NADH

 

 

Electron donors have rapidly become more important within modern nutritional medicine. Electron donors provide our bodies with electrons. They strengthen the immune system, supply energy to our bodies (brain, cardiovascular system, muscular system), support regeneration processes and delay aging. Vitamins and enzymes are to be seen as the most important electron donors. Vitamin deficient nutrition, through an increased intake of pleasure products (alcohol, tobacco), permanent stress and high performance sport activities also increase the demand and utilization of electron donors. Deficits of electron donors lead to mental and physical loss of activity and accelerate the aging process. 

Biological electron donors can be described within this sphere of nutritional medicine as anti-oxidants (such as carotenoids, vitamin C and vitamin E). The strongest antioxidant in our body is NADH. NADH (short form for nicotinamide-adenine-dinucleotide) is a critical cofactor in hundreds of biochemical reactions associated with energy metabolism. NADH is the biologically active form of vitamin B3 (niacin). The extremely high activity of NADH however pays its price. NADH is very sensitive to light and oxygen and therefore very unstable. Consequently, until only a few years ago, it was possible to administer NADH only via injection. PANMOL®-NADH is stabilized by a natural process and is therefore orally administrable and stable for years. Finally an organic form of NADH is now available. 

 

NADH stands at the first place of the respiratory chain and belongs to the most important and energy rich electron carriers of human metabolism. With oxidation of nutrients it is biologically irreplaceable for the production of cellular energy (ATP-production) and for cell regulation. *, ** 

NADH is the coenzyme of various hydrogen transferring enzymes (dehydrogenases, oxidoreductases) and supports the regeneration of the brain, heart, vascular and muscle cells including the functions of the reproductive organs. 

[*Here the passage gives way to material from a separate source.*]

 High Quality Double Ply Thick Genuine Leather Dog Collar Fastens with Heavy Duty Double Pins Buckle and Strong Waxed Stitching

Studies confirm that NADH has a positive influence on the synthesis of neurotransmitters. In-vitro studies show that NADH, dosage dependently, increases the production of the neuro-transmitter dopamine up to 6 times.* Furthermore NADH stimulates tyrosine hydroxylase (TH), the key enzyme for the production of dopamine up to 70 %.*** 

The neurotransmitter dopamine deserves special consideration from a bio-psychological stand- point, as it is apparently important for several basic behavioral functions such as motivation, learning, psychomotility and attentiveness. 

NADH is the most powerful antioxidant present in the human body and fulfils a major role in the neutralisation of cytotoxic radicals and peroxides. 

 

 

Demonstrates reduced memory, concentration, performance, intellectual performance, alertness, attentiveness, heart function, muscle performance and reduced cell and tissue protection.

 

 

* Stryer, L.: Biochemie. Spektrum Akademischer Verlag Heidelberg, Berlin, Oxford, 4. Auflage 1996, p. 557-587. 

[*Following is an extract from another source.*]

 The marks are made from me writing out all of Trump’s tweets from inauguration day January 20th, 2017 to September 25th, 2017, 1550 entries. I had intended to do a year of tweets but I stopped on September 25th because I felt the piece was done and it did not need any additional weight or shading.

** Pelzmann, B. et al.: NADH -supplementation decreases pinacidil-primed IK(ATP) in ventricular cardiomyocytes via increase of intracellular ATP content. Br. J. Pharmacol. 139(4):749-54, 2003. 

*** Vrecko, K. et al.: Stimulation of dopamine biosynthesis in culture P12 pheochromocytoma cells by the coenzyme nicotinamide adenine dinucleotide (NADH). J. Neural. Transm. 5: 147-156, 1993. 

**** Kirsch, M. and De Groot, H.: NAD(P)H, a directly operating antioxidant? The FASEB Journal, 15: 1569-1574, 2001. 

 

 

During the middle of the last century NADH was successfully used as an injection to treat various neurological illnesses such as Parkinson’s disease, Alzheimer’s disease and also for late-onset dementia. Due to its chemical instability, injections always had to be freshly prepared. Although the central activating and stimulating characteristics of this biomolecule were identified 5 decades ago, broad usage of NADH, because of its highly sensitive and unstable molecular characteristics, was not possible. An oral application of NADH was totally out of the question, because the substance would have been destroyed immediately after ingestion through contact with gastric acid. 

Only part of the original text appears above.